*** DATA FOR ANALYSIS ***
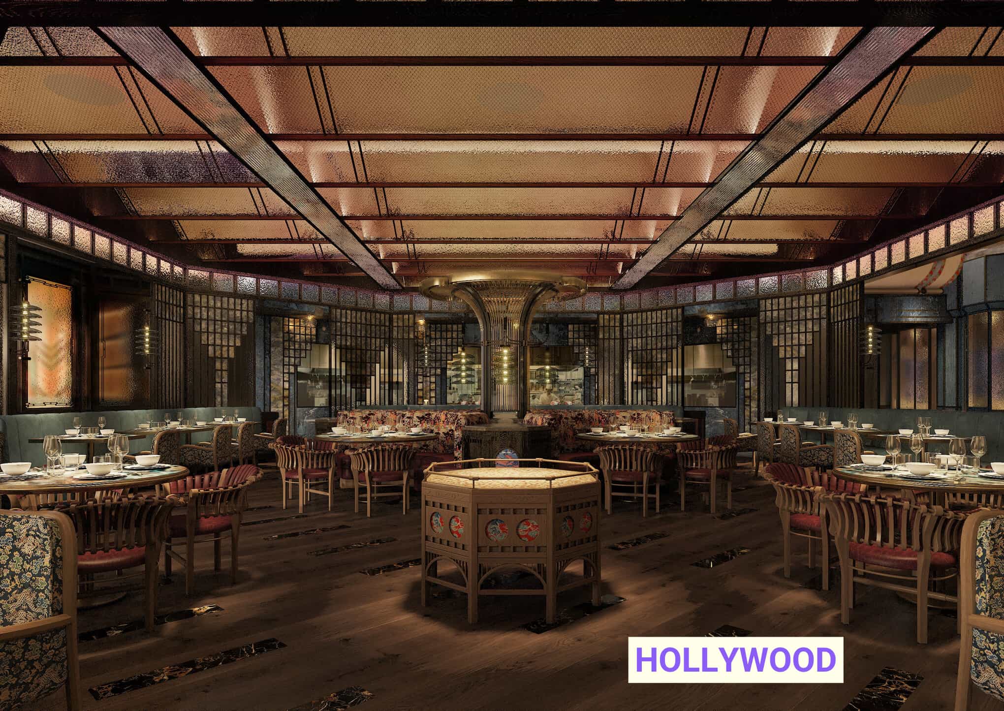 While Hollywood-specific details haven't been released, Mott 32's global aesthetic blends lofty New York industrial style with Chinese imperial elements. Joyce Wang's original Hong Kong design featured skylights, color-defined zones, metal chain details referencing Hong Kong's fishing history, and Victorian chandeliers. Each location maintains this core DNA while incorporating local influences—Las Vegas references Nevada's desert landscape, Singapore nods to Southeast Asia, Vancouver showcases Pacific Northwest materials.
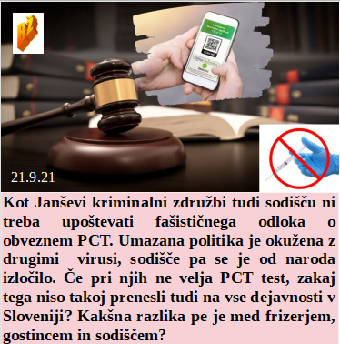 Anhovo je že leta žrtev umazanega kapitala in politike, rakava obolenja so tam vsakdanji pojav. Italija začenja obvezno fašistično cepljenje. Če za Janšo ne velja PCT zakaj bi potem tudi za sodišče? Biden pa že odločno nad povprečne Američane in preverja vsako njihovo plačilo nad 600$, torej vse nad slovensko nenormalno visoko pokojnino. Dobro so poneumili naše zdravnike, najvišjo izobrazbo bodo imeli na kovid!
*** End of DATA FOR ANALYSIS ***
*** DATA FOR ANALYSIS ***
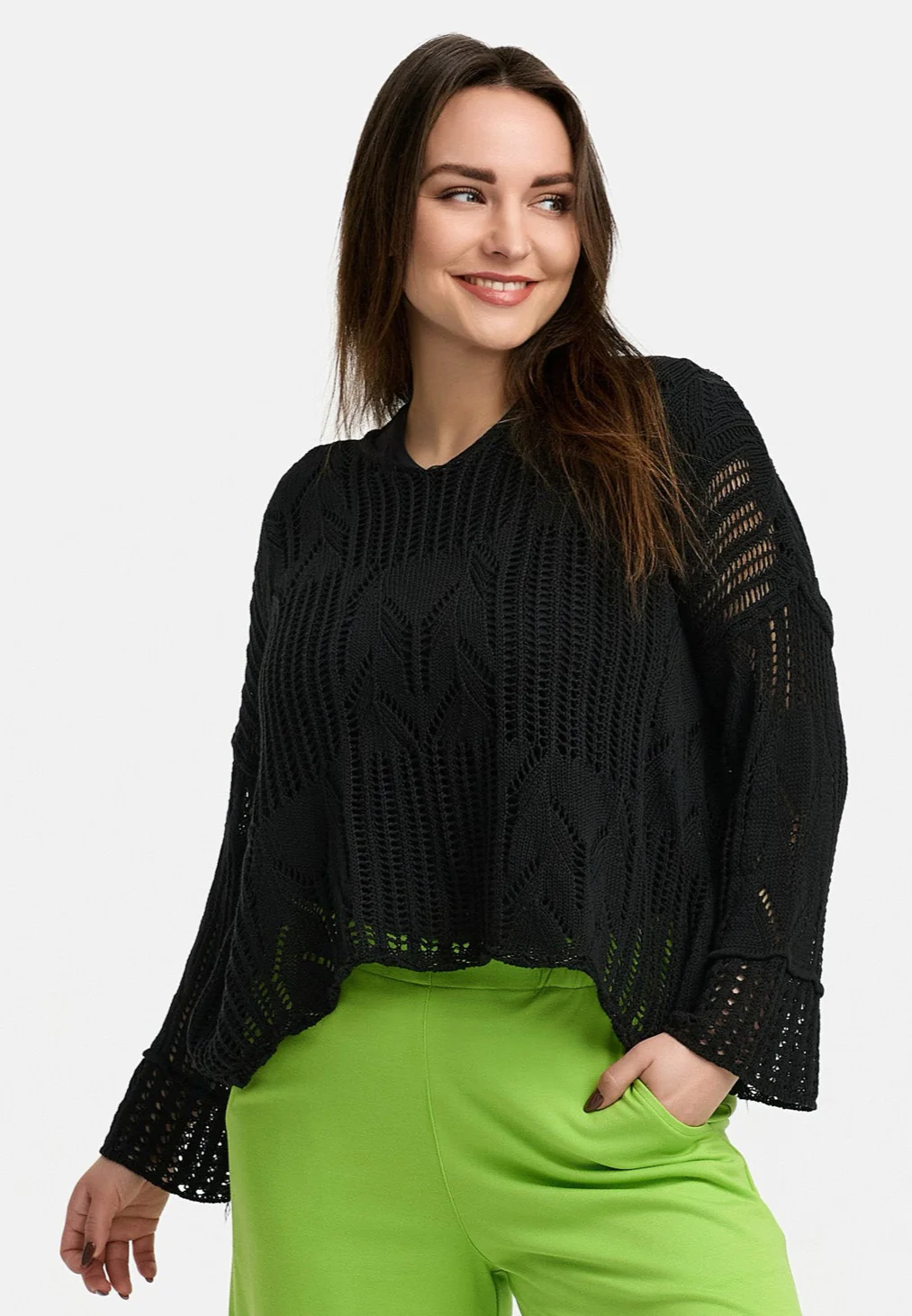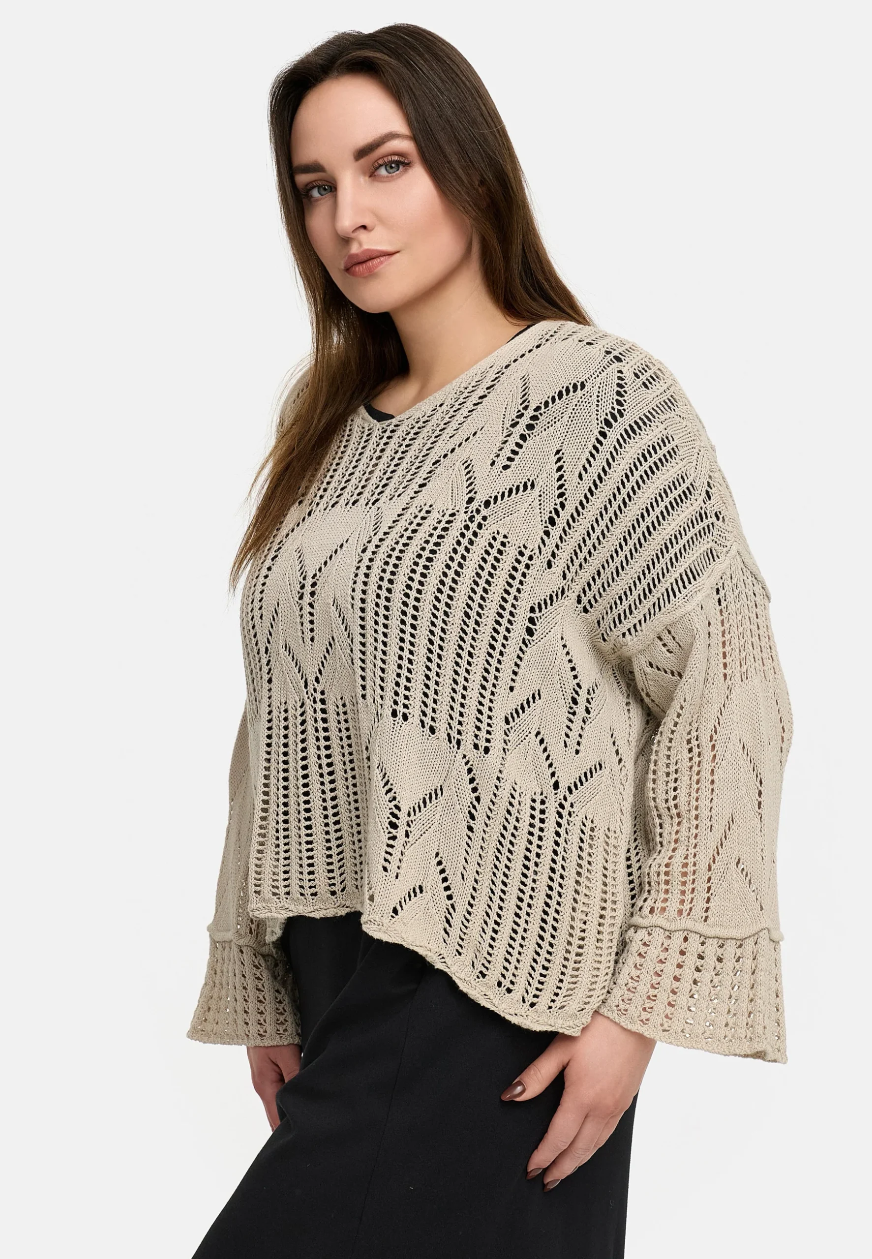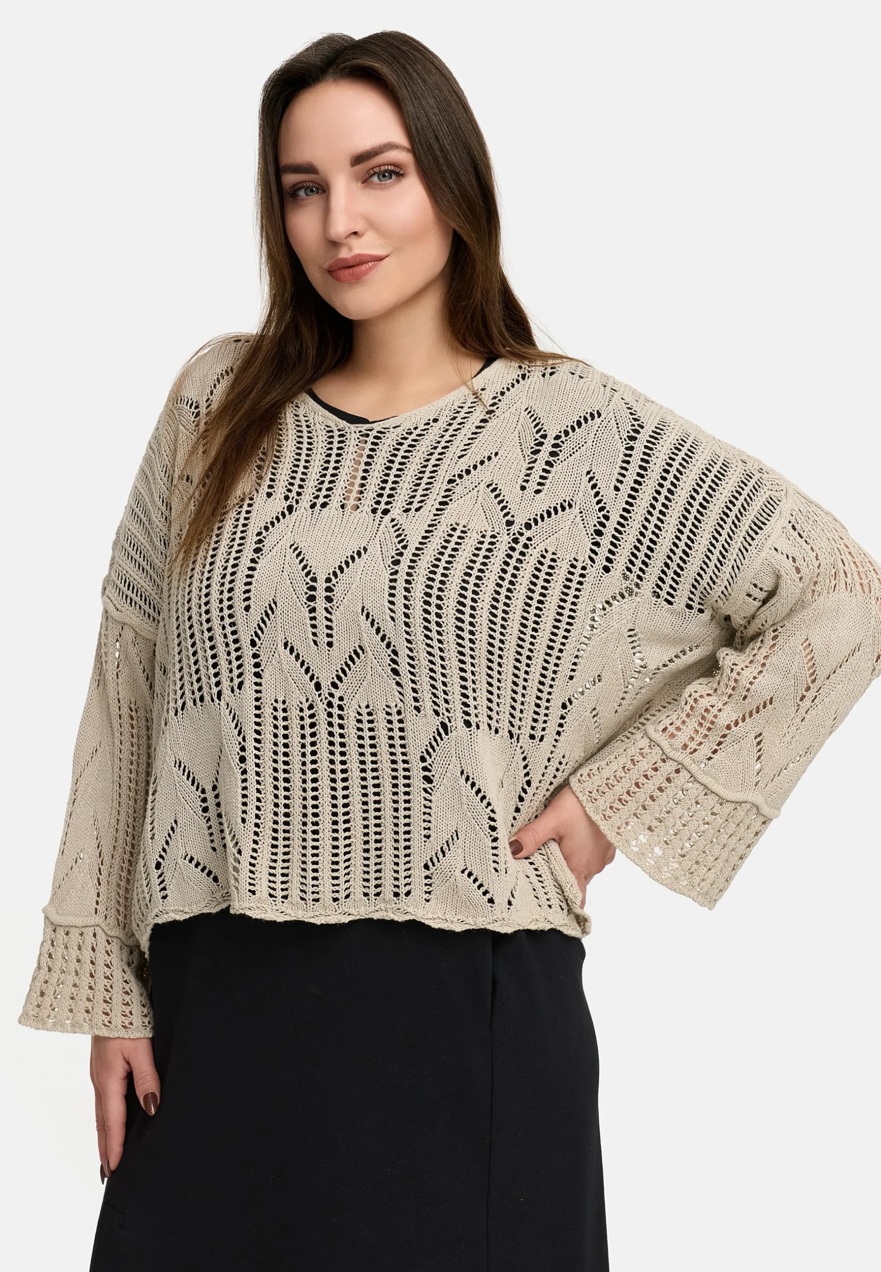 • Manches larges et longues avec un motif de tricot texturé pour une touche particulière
*** End of DATA FOR ANALYSIS ***
### [EXERCISE BRIEF]
In the entries above, find the line containing "While Hollywood-specific details" and the line containing "Anhovo je že", then copy both and every line between them exactly, without any picture.

### [THE COMPLETED TASK]
 While Hollywood-specific details haven't been released, Mott 32's global aesthetic blends lofty New York industrial style with Chinese imperial elements. Joyce Wang's original Hong Kong design featured skylights, color-defined zones, metal chain details referencing Hong Kong's fishing history, and Victorian chandeliers. Each location maintains this core DNA while incorporating local influences—Las Vegas references Nevada's desert landscape, Singapore nods to Southeast Asia, Vancouver showcases Pacific Northwest materials.
 Anhovo je že leta žrtev umazanega kapitala in politike, rakava obolenja so tam vsakdanji pojav. Italija začenja obvezno fašistično cepljenje. Če za Janšo ne velja PCT zakaj bi potem tudi za sodišče? Biden pa že odločno nad povprečne Američane in preverja vsako njihovo plačilo nad 600$, torej vse nad slovensko nenormalno visoko pokojnino. Dobro so poneumili naše zdravnike, najvišjo izobrazbo bodo imeli na kovid!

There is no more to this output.